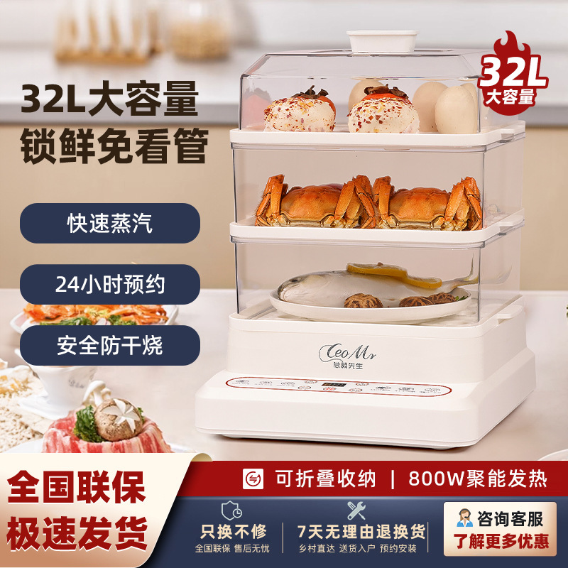 イギリスCeoMr32リットル大容量電気蒸し器透明多機能蒸し器保温電気蒸し器全自動三層
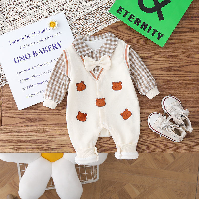 双层婴儿连体衣春秋款0-1岁男宝宝春装3-6个月新生儿衣服满月哈衣
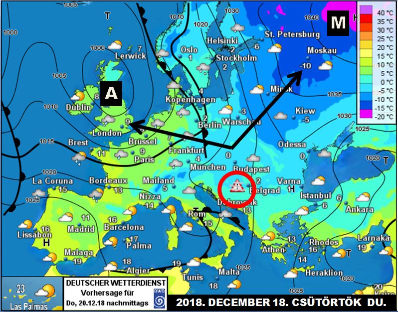 Magyarország a két egymásnak feszülő erő közt foglal helyet, a 3. ábra tanúsága szerint csütörtökön csaknem „félúton” a budapesti 0 ponttól London +9°C-ra, Moszkva pedig -10°C-ra található. Bár biztos nem „welcome”, de ebben az időszakban a Balkán-félsziget ÉNy-i része össztársadalmi korcsolyapályává fog válni (piros kör).
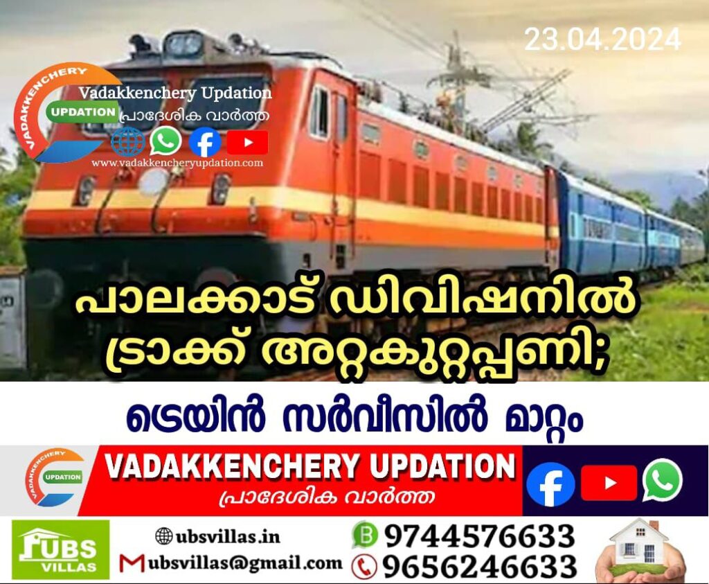 പാലക്കാട് ഡിവിഷനു കീഴിലെ വിവിധയിടങ്ങളിൽ ട്രാക്ക് അറ്റകുറ്റപ്പണി നടക്കുന്നതിനാൽ ചില ട്രെയിൻ സർവീസുകളിൽ മാറ്റം.
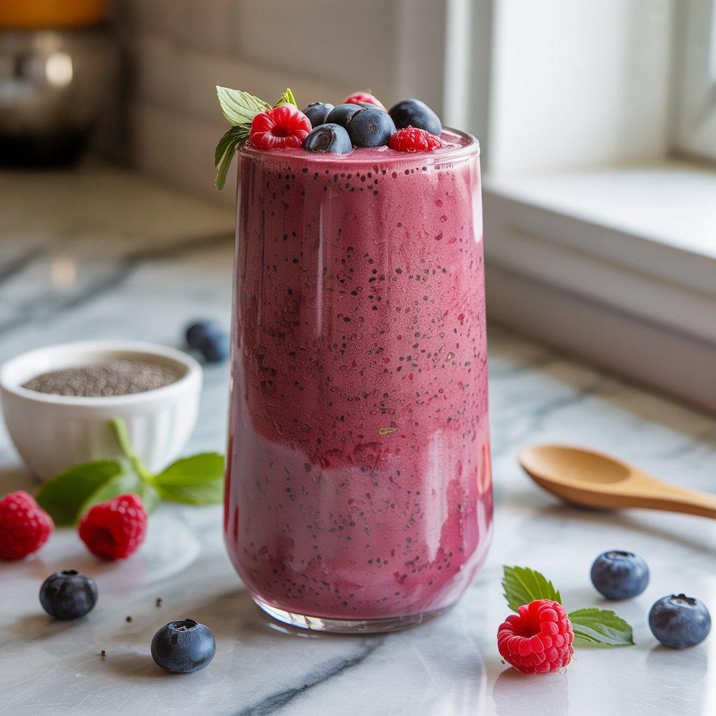 This works well on busy days when you need fuel that won’t wear off quickly. The seeds add fiber and healthy fats, which help prevent energy dips. I’ve found this smoothie helpful when fatigue shows up as constant hunger or low endurance. It’s not flashy, but it does its job. If mornings are rushed, this is an easy way to get a balanced meal without skipping food altogether.
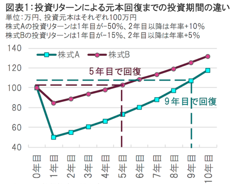 元本に戻すためだけに、倍の+100%のリターンが必要になるんですね。
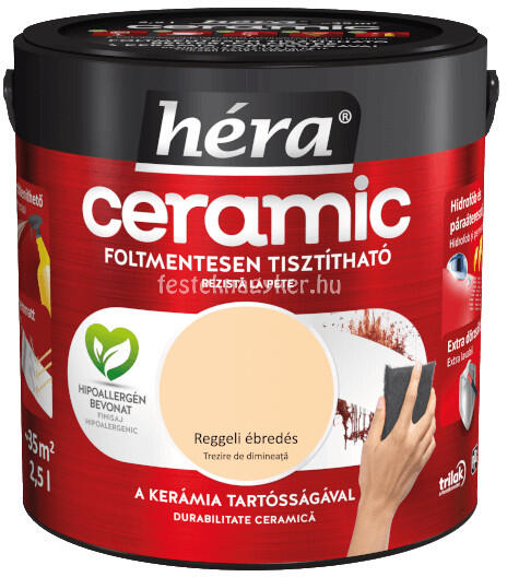 HÉRA CERAMIC extra dörzsálló beltéri falfesték. Hidrofób alkotóelemei vízlepergetővé teszik a bevonatot, ugyanakkor innovatív kötőanyagának köszönhetően kiváló páraáteresztő tulajdonságokkal rendelkezik.
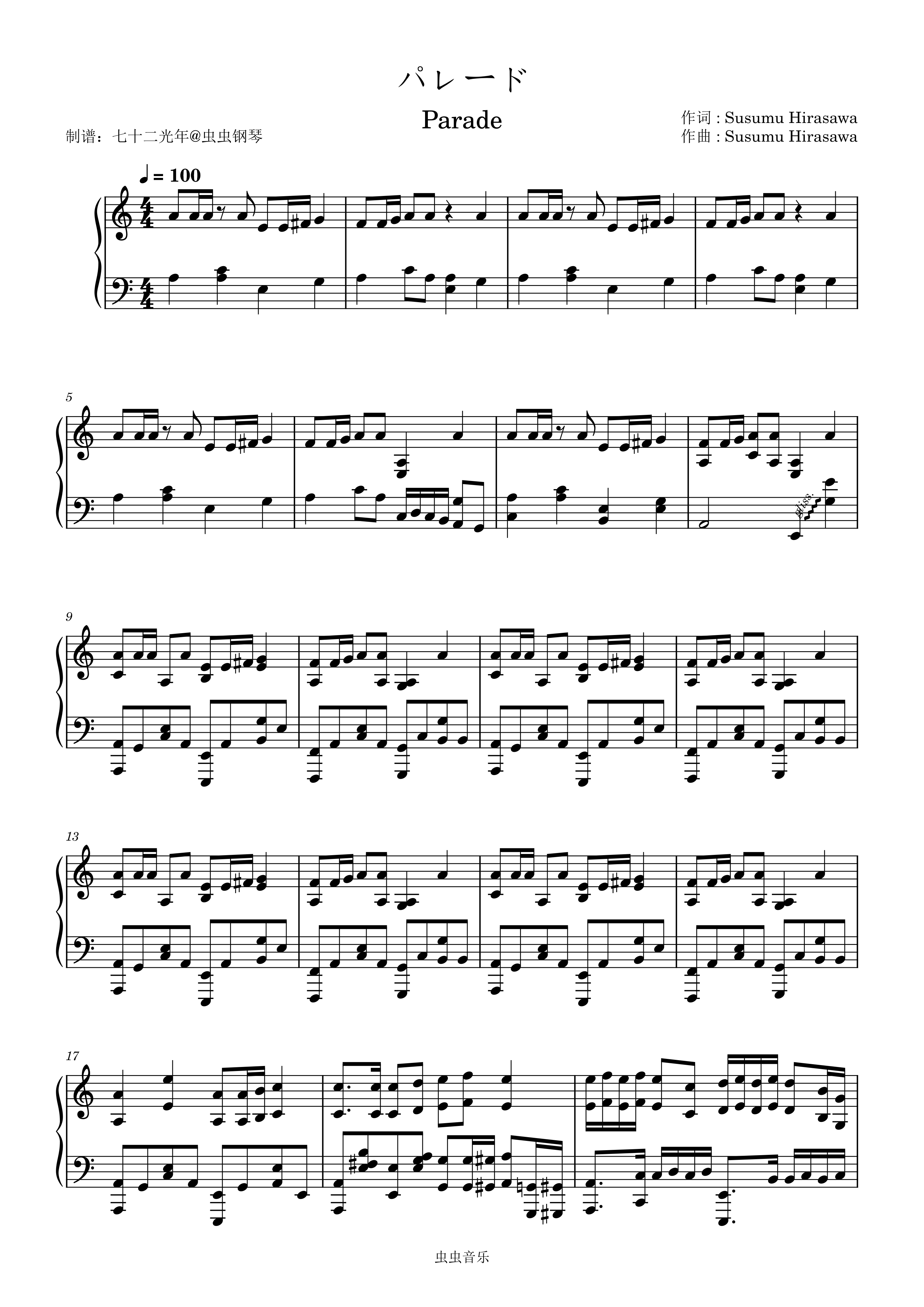 パレード钢琴简谱 数字双手 Susumu Hirasawa
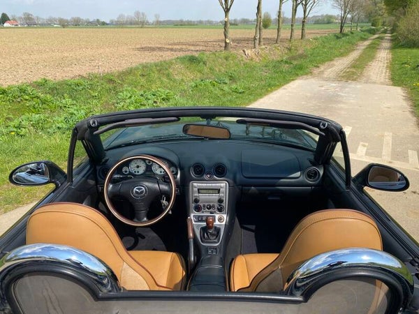 Deze Mazda MX5 NBFL is uitgevoerd met de smaakvolle kleurencombinatie van ''Brillantschwarz'' met een beige lederen interieur met stoelverwarming. De MX5 is voorzien van diverse luxe aan boord zoals airconditioning, centrale vergrendeling, stoelverwarming een notenhouten stuur enzovoorts.
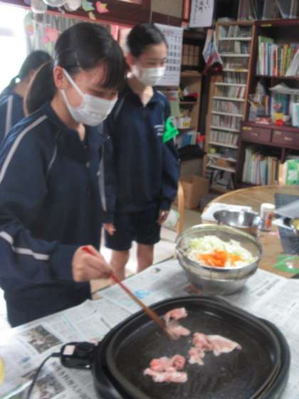 7月6日(水) 2年生「社会に学ぶ『14歳の挑戦』」 公開日 2022/07/06 更新日 2022/07/06 2年生 「おらとこ」での活動の様子です。 ホットプレートを使って、昼食のやきそば作りを手伝いました。 事業所のスタッフの方の呼びかけに、「ハイ!」と元気に答えています。
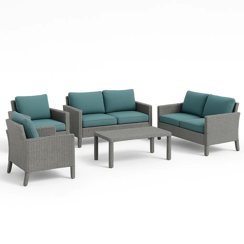 Conjunto de sofá de exterior de ratán sintético gris con cojines de poliéster turquesa
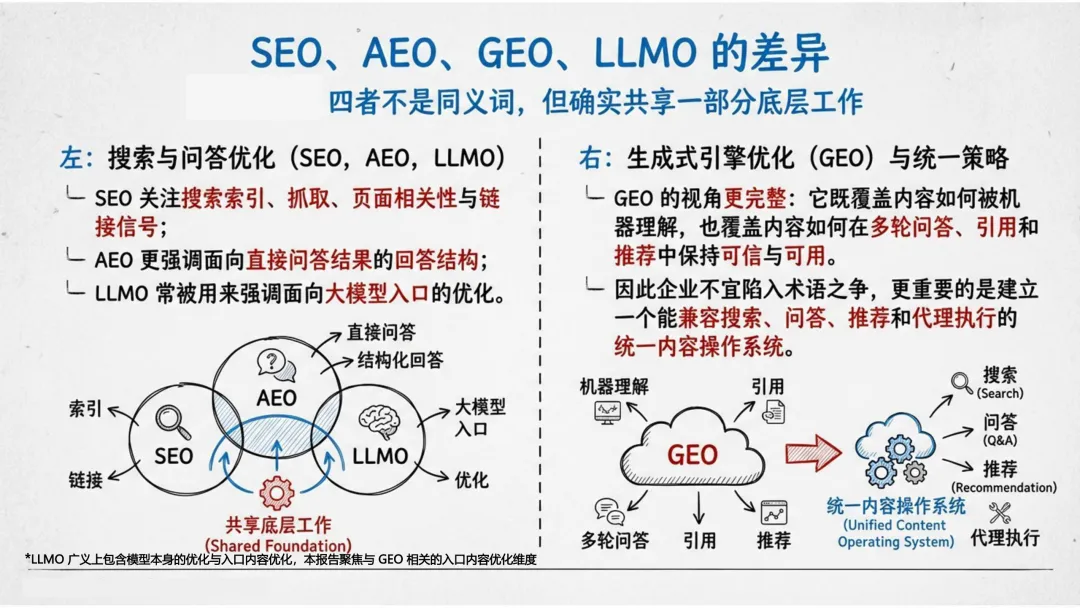 报告用一句话总结了这场转变:GEO的写作对象不是算法,而是模型在压缩答案时最愿意安全复用的语义单元。
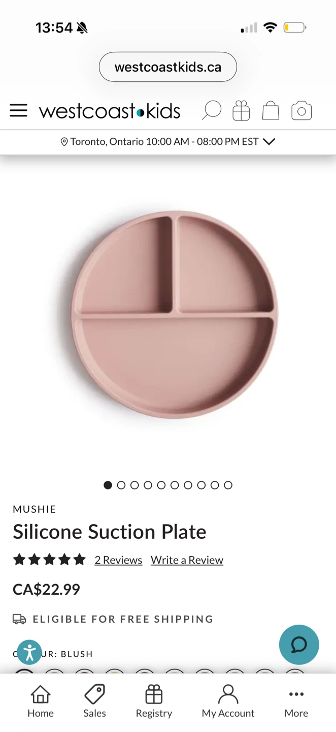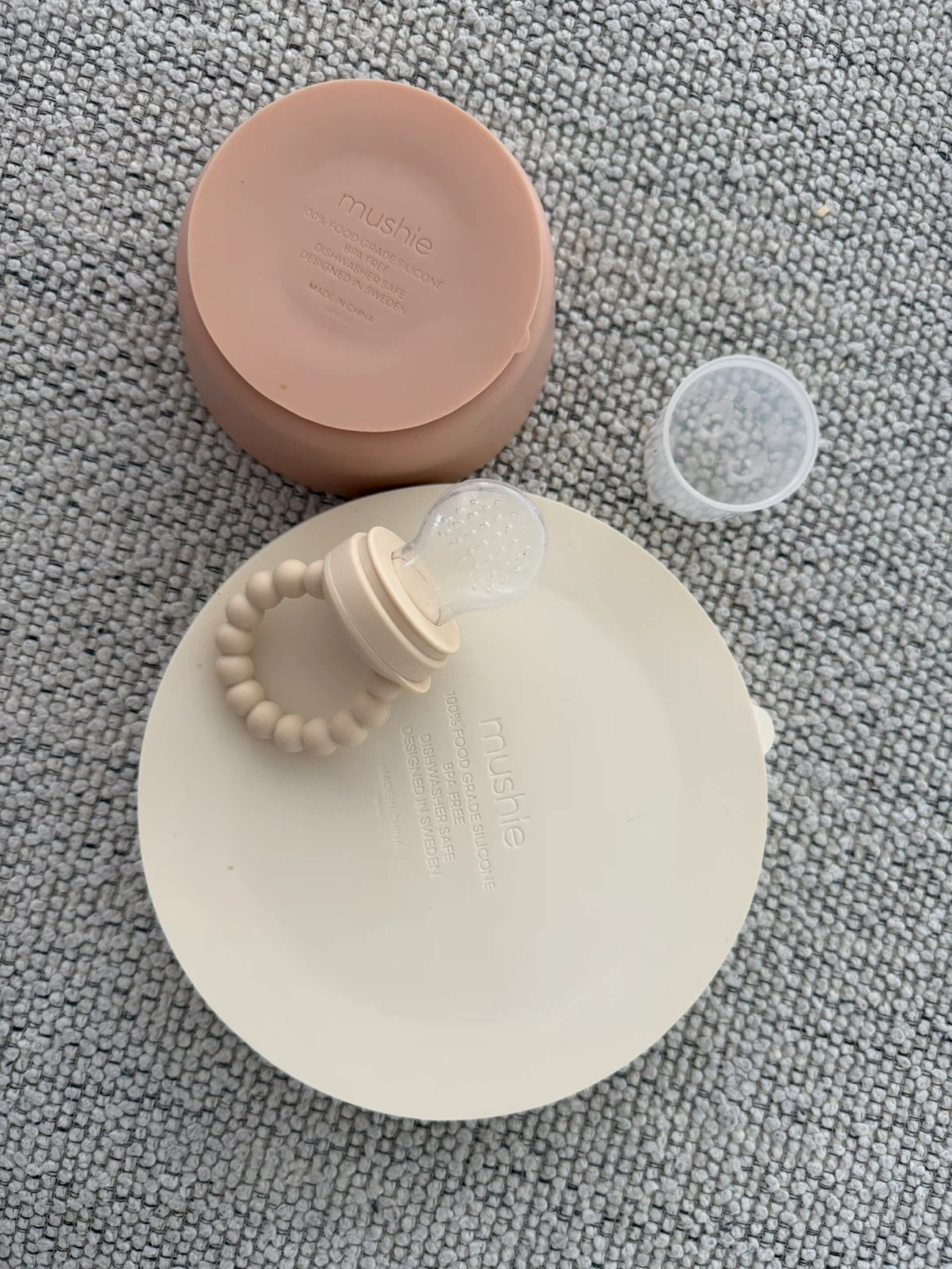 This Mushie silicone set includes a suction bowl, a divided suction plate, and a soft-grip spoon. All pieces are made from 100% food-grade silicone. Dishwasher safe. Designed in Sweden.

--- --- ---

» **Aim of the exercise**: Leaving the pictures aside, write out only the lines from the one containing "7月6日(水) 2年生「社会に学ぶ『14歳の挑戦』」 公開日" through the end of the material, exactly as they stand.

» **Response area**:
 7月6日(水) 2年生「社会に学ぶ『14歳の挑戦』」 公開日 2022/07/06 更新日 2022/07/06 2年生 「おらとこ」での活動の様子です。 ホットプレートを使って、昼食のやきそば作りを手伝いました。 事業所のスタッフの方の呼びかけに、「ハイ!」と元気に答えています。
 Conjunto de sofá de exterior de ratán sintético gris con cojines de poliéster turquesa
 报告用一句话总结了这场转变:GEO的写作对象不是算法,而是模型在压缩答案时最愿意安全复用的语义单元。
 This Mushie silicone set includes a suction bowl, a divided suction plate, and a soft-grip spoon. All pieces are made from 100% food-grade silicone. Dishwasher safe. Designed in Sweden.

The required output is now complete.